Getting referrals from clients

Kevin doesn't do much to ask his clients for referrals. He doesn't ask at all. Instead, he depends on his happy clients talking about the projects they did with his company to their friends and colleagues. Kevin's job is to do the best he can for his clients, including doing such good work that the person that hired him at the client's company gets promoted.

“How can we make sure that what we are doing is making them look as good as possible? Because we know that that's going to make us look good as good as possible.”

Kevin also runs an annual dinner event for his clients in London at a nice venue so his clients come together, have a good time, meet each other, and, for Kevin, keep his company front-of-mind. And per head, it really doesn't cost Kevin that much since he has about 12-15 clients at a time and knows all of them personally.

How to decide whether to take on a client

First, the client has to be a good fit. Kevin's team must be offering the service that the client needs, SEO and content marketing, and they can get a good result. Kevin will refer them to someone else if the service is outside of their fit.

Second, the client's ambitions have to match up with Kevin's agency's ambitions. Kevin's agency is there to make changes and make stuff happen. He wants to make an impact for the client's business. Working on a client's project is working as a partnership where he and the client energize each other. He won't take on a client that isn't rewarding from a personal perspective. If he has to constantly prove himself to a client, it isn't going to work.

When to hire

“You can't just hire a team and hope that the work comes.”

Kevin has a good network of freelancers, SEO consultants, designers, writers, etc., to step in when a project comes in that requires Kevin to ramp up production quickly. Kevin prefers working with freelancers compared to making a panic internal hire where he might not hire the right person for his team.

Many of the freelancers that started as project-based contracts have become permanent members of the team as Kevin's company has grown and is doing more work on a consistent basis.

Kevin is also selective on which clients he works with. He will only bring in one new client a month, not 10. So it gives him time to recruit and find great people that he can either contract with or hire down the road.

In 2012, Kevin tried to do it all and be the best at everything. He would get the sale, set the strategy, do the hands on work, deal with PR, manage client meetings, run the business, get new clients...

“That was really damaging because it just means that I can't take myself out of lots of situations.”
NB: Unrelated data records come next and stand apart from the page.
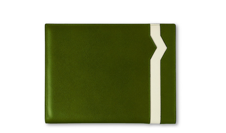 Ennél kifinomultabb megjelenést egy iPad tárolására megtervezett táskának el sem lehetne képzelni. Már csak azért is vennék egy ilyen kütyüt, hogy később megvehessem hozzá ezt a táskát. Az 1937-ben alapított olasz brand a luxus kiegészítőkre specializálódott. Ez a bőr táska az új szezon terméke, designja a '60-as évekbe repít vissza. A kontraszt, amely a zöld és fehér színek közt húzódik, karakteressé teszi a dokumentumok tárolására is alkalmas darabot.
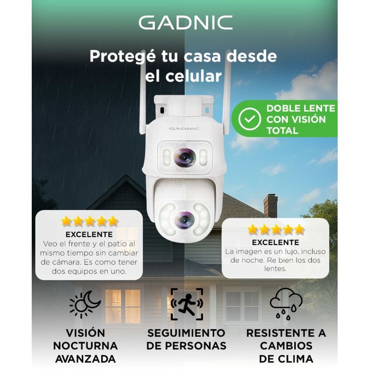 Vigilancia en ultra alta definición La cámara Gadnic Doble Lente 4K ofrece imágenes nítidas con dos sensores de 8 MP reales. Captura cada detalle en calidad 4K, ideal para proteger tu hogar o comercio con máxima claridad. Visión nocturna que no se detiene Gracias a su sistema de luces infrarrojas y ...
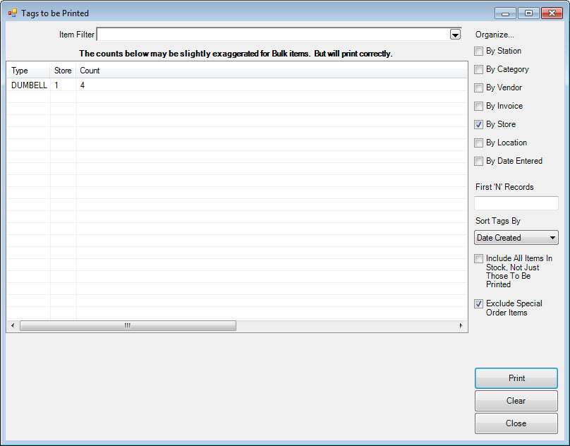 NOTE: By selecting Include ALL items in stock, Not Just Those to be Printed and/or Exclude Special Order Items, you can print all tags within the system sorted per your specifications.
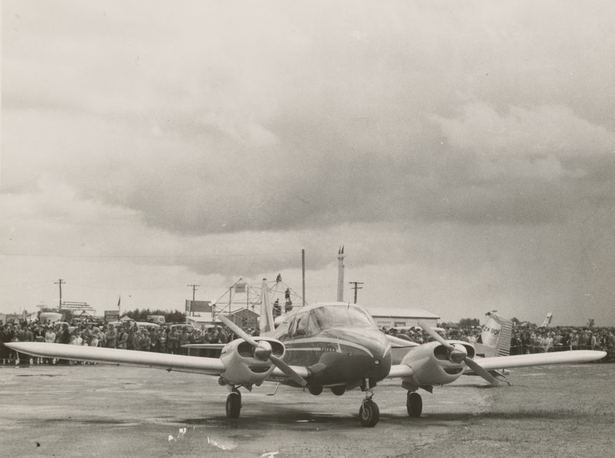 Crowds watch a Piper Apache aircraft at the first International Aviation Show, held at Milson Airport, Palmerston North.
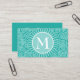 A contemporary monogram design in turquoise aqua and white with whimsical swirl spirals and classic white monogram.
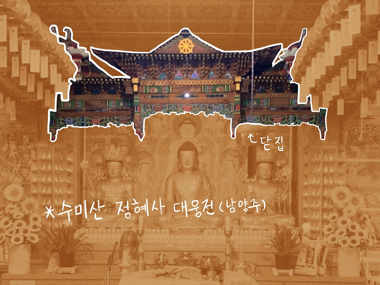 시선을 윗쪽으로 옮기면 불단 위 천장에 집모양의 장식물이 보이는데 이는 ‘닫집’으로 ‘따로 지어놓은 집‘이라는 의미다. 인도에서 불상에 씌워놓은 양산이 중국을 거쳐 집으로 발전한 형태로 보이는데, 이는 근정전 어좌위에서도 발견할 수 있다.
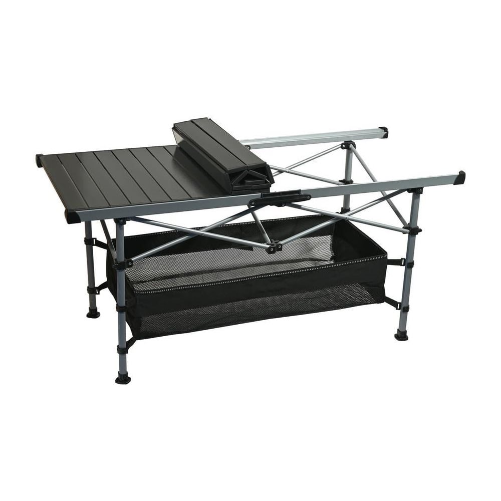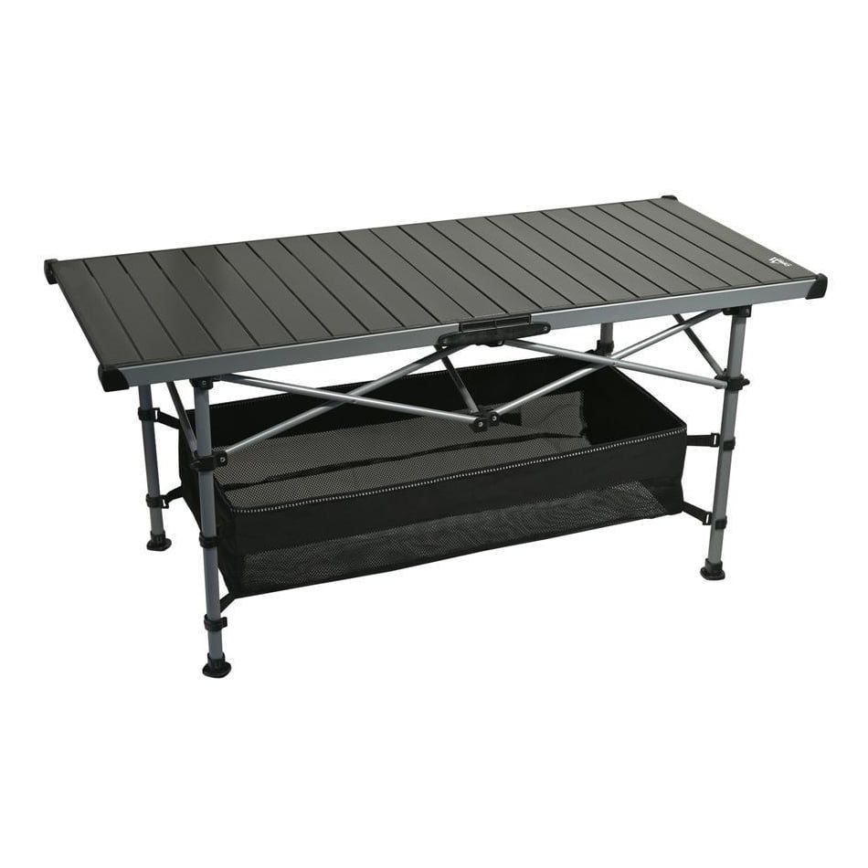 Il tavolo è dotato di un piano in alluminio a lamelle con dimensioni di 123 x 55 cm e un'altezza di 57 cm (* può essere rialzato fino a 5 cm su una superficie piana) e offre una portata massima fino a 100 kg di attrezzature, alimenti, ecc.
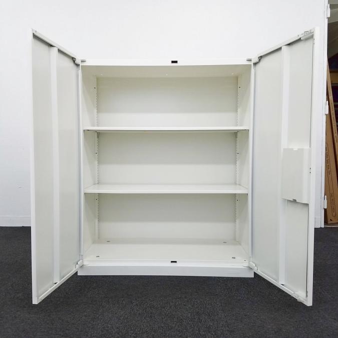 定番サイズ オカムラ/レクトラインシリーズ カラー:ネオホワイト 両開き書庫 鍵付き シリンダー錠 天板無し

He learned to hire people who are specialists. Teams are split into pods, and the pods are assigned to particular clients. The pods have a specialist in technical SEO, in content strategy, project management, account management, digital pr, etc. The specialists are much better at what they do than Kevin could ever manage on his own.

“I think the key step in order to do that is accepting that people will do things in their way which is different in the way I would do things.”
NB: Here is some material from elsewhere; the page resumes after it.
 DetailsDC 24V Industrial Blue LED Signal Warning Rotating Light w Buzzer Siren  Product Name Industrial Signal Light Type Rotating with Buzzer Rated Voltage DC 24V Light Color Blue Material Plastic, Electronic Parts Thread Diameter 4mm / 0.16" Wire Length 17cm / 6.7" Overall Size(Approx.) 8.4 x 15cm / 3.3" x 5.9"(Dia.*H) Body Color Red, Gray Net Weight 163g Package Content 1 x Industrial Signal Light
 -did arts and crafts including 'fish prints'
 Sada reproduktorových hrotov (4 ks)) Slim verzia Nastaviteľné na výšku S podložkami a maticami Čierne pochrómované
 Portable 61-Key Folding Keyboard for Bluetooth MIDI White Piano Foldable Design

It might not be as effective as Kevin would do them initially, but as they learn, make mistakes, and figure out how to work in the team, they make improvements to the company and innovate what the company can do. The lesson here is to let go of control and let your team take accountability.

And if you hire the best people, then you will get good results for your clients and attract clients by the quality of your team. The experts on you team are going to be the ones who will keep the clients happy and keep referrals coming in. That means, you can't just hire someone when you are desperate to have someone to work on a new project coming in the next 2 weeks.

“It's not about the next 2 weeks, it's about the next 2-3 years.”

That's where cultivating a good stack of resumes or CVs and having a good network of freelancers is key. Don't hire when you are desperate.